Wed Nov 21 00:16:13 UTC 2012

#1755: 2-phase commit
-------------------------+-------------------------------------------------
     Reporter:           |      Owner:  davidsarah
  davidsarah             |     Status:  assigned
         Type:  defect   |  Milestone:  soon
     Priority:  normal   |    Version:  1.9.2
    Component:  code     |   Keywords:  2pc mutable reliability consistency
   Resolution:           |
Launchpad Bug:           |
-------------------------+-------------------------------------------------

Comment (by zooko):

 The difficulty of distributed two-phase commit in general is that if the
 Transaction Manager fails after telling some of the Resource Managers to
 prepare but before either telling them to commit or telling them to
 rollback, then they are stuck in this prepared state (i.e. locked).

 (See Gray and Reuter's book "Transaction Processing", and see also
 Gray-1995-“Consensus On Transaction Commit”.)

 The role of Transaction Manager in this future extension of Tahoe-LAFS
 would be filled by the LAFS storage client (i.e. the LAFS gateway) and the
 roles of Resource Managers would be filled by LAFS storage servers.
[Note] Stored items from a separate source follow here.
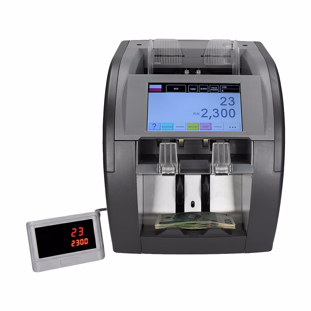 Daruma AB-980 to profesjonalna liczarka wartościowa z automatycznym rozpoznawaniem waluty i nominału, wykrywaniem fałszywych banknotów oraz 2-kieszeniową konstrukcją umożliwiającą pracę bez przerywania liczenia. Kolorowy 7-calowy ekran dotykowy LCD i menu w języku polskim zapewniają szybką i intuicyjną obsługę nawet dla nowych użytkowników.
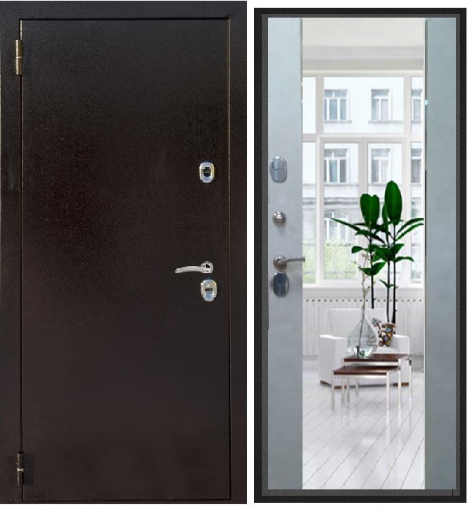 Тульские двери Б35 Термо СТАР(медь, МДФ 12мм бетон снежный, ЗЕРКАЛО, 2петли,1,2мм, хром) (2050*960, левая)
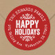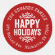 Affordable custom printed round return address stickers personalised with your family name and return address. This rustic modern holiday design features distressed HAPPY HOLIDAYS lettering on a red background. Use the design tools to choose any background colour and edit text fonts and colours to further customise your own unique holiday return address labels.
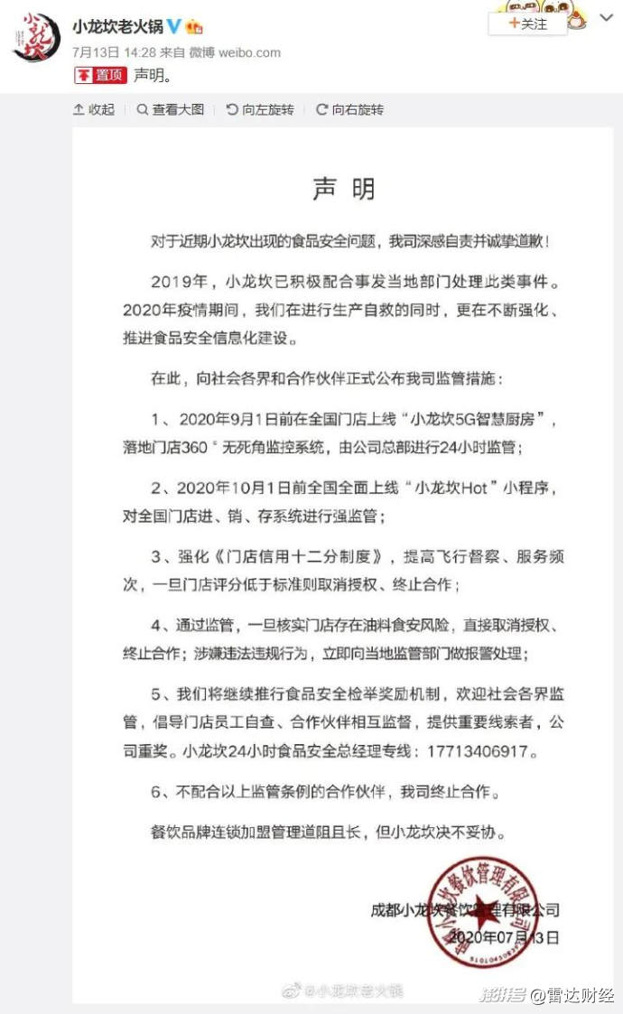 雷達(dá)財(cái)經(jīng)注意到,事件再次被頂上熱搜后,小龍坎曾發(fā)布保證聲明中承諾的一條整改措施包含了“落地門(mén)店360度無(wú)死角監(jiān)控,由公司總部進(jìn)行24小時(shí)監(jiān)管”。
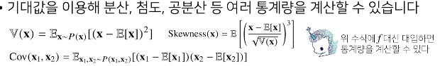 기대값 뭔지 알지? 이걸 이용해 분산, 첨도, 공분산등 여러 통계량 계산 가능 그래서 기대값은 굉장히 중요한 통계량이면서 도구다.
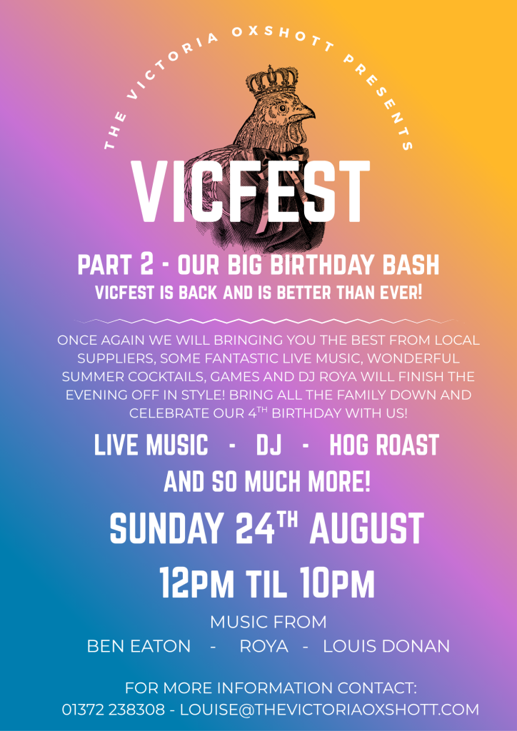 Celebrate the fourth anniversary of the Victoria Oxshott with Vicfest, the Big Birthday Bash on Sunday, 24th August.

 There is, of course, no way for a Resource Manager to tell the difference
 between their Transaction Manager having failed versus being slow or being
 temporarily disconnected from the network, other than the passage of time
 with the absence of a new message (either "commit" or "rollback") from the
 Transaction Manager.

 In general, this can become intractable for large distributed systems with
 many resources being locked, many Transaction Managers which need to fail
 over to one another (using Paxos to elect a new leader, I suppose), and
 frequent write-contention.

 But in practical terms, I expect Tahoe-LAFS will be able to use 2-phase-
 commit ("2PC") nicely, because typically the scope of what is locked, who
 is doing the locking, and how much write-contention we have to support,
 are all relatively narrow. That is, for the use cases that we expect to be
 asked to handle, only a single mutable file/dir is locked at a time, and
 only one or a small number of computers have the write cap to a single
 mutable file/dir.

 I think we intend to support the use case that a small number of writers
 have shared write access to a mutable file/dir and they may
 ''occasionally'' write at the same time as each other, but we do not
 intend to support the use case that where a large or dynamic set of
 writers have write access to the same resources, and there may be
 continuous write collisions that never pause long enough for the
 distributed system to stabilize.

 (I think this is sufficient because I think people who use Tahoe-LAFS will
 typically use immutables and single-writer-mutables for most of their
 state management, and rely on shared-writer-mutables only for the sort of
 "last link in the chain" that can't be managed any other way.)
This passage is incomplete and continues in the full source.